##### Data extracts #####
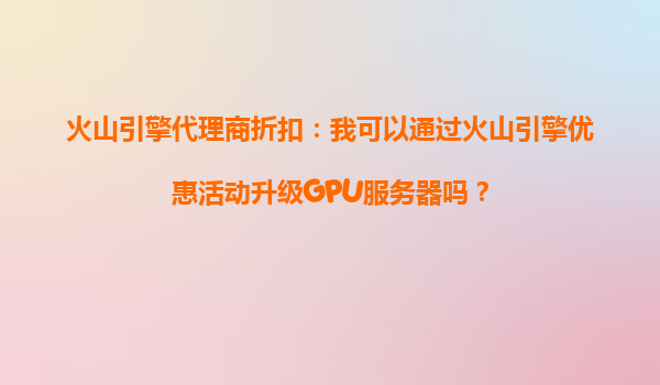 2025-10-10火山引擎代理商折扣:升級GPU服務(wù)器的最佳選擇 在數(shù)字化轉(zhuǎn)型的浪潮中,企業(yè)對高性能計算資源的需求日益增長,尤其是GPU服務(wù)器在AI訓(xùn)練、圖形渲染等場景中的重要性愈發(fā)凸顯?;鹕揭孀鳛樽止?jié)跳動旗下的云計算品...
#####
##### Data extracts #####
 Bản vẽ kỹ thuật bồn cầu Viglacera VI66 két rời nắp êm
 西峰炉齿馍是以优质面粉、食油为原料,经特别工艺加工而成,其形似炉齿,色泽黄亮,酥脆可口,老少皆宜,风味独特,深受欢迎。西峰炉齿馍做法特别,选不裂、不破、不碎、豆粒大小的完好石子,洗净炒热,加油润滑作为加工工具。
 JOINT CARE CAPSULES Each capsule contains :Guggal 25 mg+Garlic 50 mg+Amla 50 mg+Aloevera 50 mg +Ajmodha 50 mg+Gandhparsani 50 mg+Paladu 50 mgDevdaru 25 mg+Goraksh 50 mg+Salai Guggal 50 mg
#####
(Exercise prompt):
Reproduce exactly the stretch of the material above that starts at the line with "Bản vẽ kỹ thuật" and ends at the line with "JOINT CARE CAPSULES", both included, and nothing else.

(Task result):
 Bản vẽ kỹ thuật bồn cầu Viglacera VI66 két rời nắp êm
 西峰炉齿馍是以优质面粉、食油为原料,经特别工艺加工而成,其形似炉齿,色泽黄亮,酥脆可口,老少皆宜,风味独特,深受欢迎。西峰炉齿馍做法特别,选不裂、不破、不碎、豆粒大小的完好石子,洗净炒热,加油润滑作为加工工具。
 JOINT CARE CAPSULES Each capsule contains :Guggal 25 mg+Garlic 50 mg+Amla 50 mg+Aloevera 50 mg +Ajmodha 50 mg+Gandhparsani 50 mg+Paladu 50 mgDevdaru 25 mg+Goraksh 50 mg+Salai Guggal 50 mg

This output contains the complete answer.